We already get hypervisor statistics from dom0, via cloud watch. Could that include on-demand profiling as well? I don't see why not. And that's not the only way to solve this.

So work needs to be done to make unikernels profileable & debuggable. I wouldn't claim that this was impossible.


I do not dispute that it is possible to profile/debug unikernels on future cloud infrastructure. However, I am skeptical that unikernels offer any benefit to merit the work of enabling that when the whole system is considered.

System calls might be additional overhead when there is a hypervisor, but hypervisors are unnecessary when we have containers. You stand to eliminate much more overhead from eliminating the hypervisor than you stand from eliminating the syscalls. Some of that overhead is internal fragmentation from memory partitioning, duplication of driver code, potential double caching, etcetera.

The industry is in the early stages of a transition from hardware virtualization to containers because containers are a better abstraction than hardware virtualization. Joyent offers Illumos zones, Swiscomm offers docker containers with flocker (full disclosure: my employer is the author of flocker), Microsoft has deployed drawbridge on their Azure cloud, etcetera. We will only see more of this in the future.

Once the transition is complete, I see no advantage to unikernels. You could use them in UNIX binary mode, but that makes them little more than a standard process on a traditional system. That is a very different role than the one that their creators intended for them.

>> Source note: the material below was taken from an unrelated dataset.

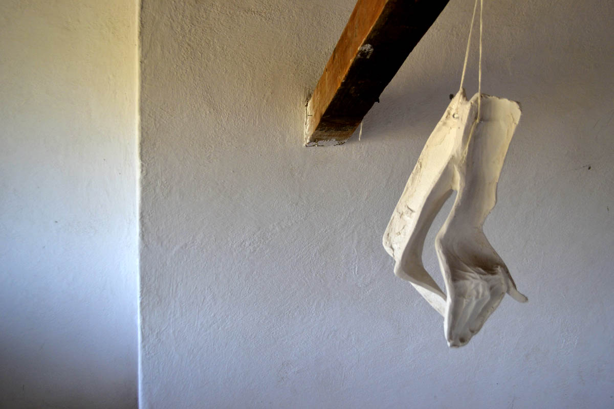 “Interstitial Castings” are negative space castings of people engaged in choreographies of the intimate. They are the interstitial space between two people engaged in iconic gestures like air-kissing, or pushing one another. Since first experimenting with this process I have built 3 series of Interstitial Castings, the sculptures from Guapamacataro are the first. They are three castings of the intimate gesture of listening. One is of Roberta as she leans in to talk to Iain, another is of Nicholas as he whispers to Juan, and a third is the Residency director, Alicia Marvan, listening to the walls at her favorite place at Guapamacataro.
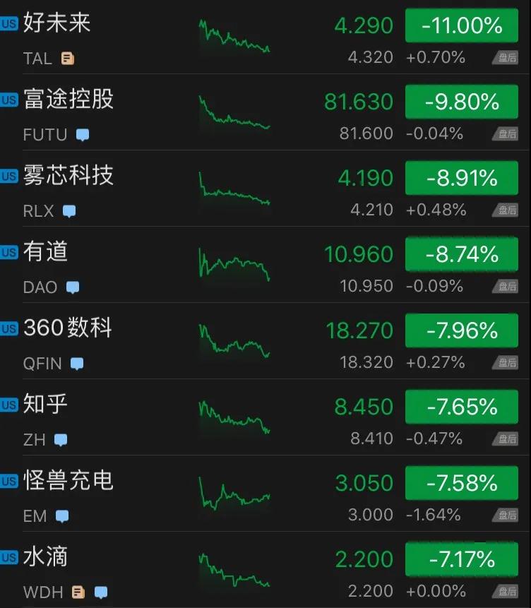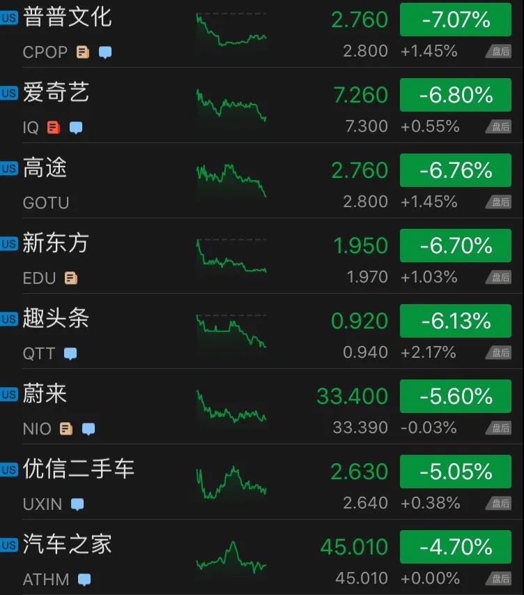 热门中概股大多追随美股下跌。中概ETF KWEB和CQQQ分别收跌逾3%和2%。个股中,阿里巴巴、百度和拼多多跌超3%,京东跌近1%,腾讯ADR跌1.7%,哔哩哔哩跌超4%,好未来跌约11%,爱奇艺跌6.8%。“造车三剑客”中,理想汽车跌2.7%,小鹏汽车跌3.8%,蔚来汽车跌5.6%。

Price/performance always wins.

Can an application unikernel on a hypervisor (which is really a lightweight OS that nowadays supports many pass-through features) beat performance of an application on a regular OS? (I didn't mention containers, since they should ultimately be irrelevant to hot path performance). So can it? With a lot of work, I bet they can.

So who has has the better price/performance? That's going to depend on how much engineering work it is to adopt, fix, and use unikernels, when they are competing with an established ecosystem around Linux and containers. And that may be where unikernels actually loses on price/performance, where price includes total cost of ownership. We'll see!


I suspect that the performance of a unikernel on a hypervisor vs an application on a POSIX system is somewhat analogous to the performance of hardware RAID vs ZFS. The performance of the abstraction used in the former is inherently worse than the performance of the abstraction used in the latter. The example of memory partitioning gives the latter a price/performance advantage and it is not the only one. I would be happy to be proven wrong though.


Strawman. Lets talk about Xen and Unikernels. So you said:

> You stand to eliminate much more overhead from eliminating the hypervisor than you stand from eliminating the syscalls.

So my hypervisor application talks directly to devices, thanks to pass-through. What's that about syscalls again?


It is not just syscalls. You either have inefficiency from double caching or inefficiency from a lack of a global page replacement algorithm. You also have internal fragmentation from memory partitioning, which prevents you from running as many applications and/or reduces memory available for cache. I consider these to be fundamental disadvantages.


> You either have inefficiency from double caching

No double caching: most of our applications have an in-memory working set, and no disk state. Some do (eg, Cassandra databases).

> from a lack of a global page replacement algorithm

Oh, so it's more efficient to be running where paging (aka swapping) is allowed? Sure, for memory footprint, but for runtime performance you're banking on it reaching a state where paging is minimal. The amount of memory saved is depending on the working set, maybe a lot, maybe a little. One downside is you're paying a small CPU tax to manage this (maintaining kswapd lists, and scanning them).

I think this would sometimes be a benefit, and sometimes not. And if not, is there anything stopping a Unikernel -- which must manage its own memory anyway -- from implementing its own pager?

The inefficiency isn't technical resources, but human resources: having Unikernel engineers reinvent what modern kernels already do.

> You also have internal fragmentation from memory partitioning, which prevents you from running as many applications and/or reduces memory available for cache.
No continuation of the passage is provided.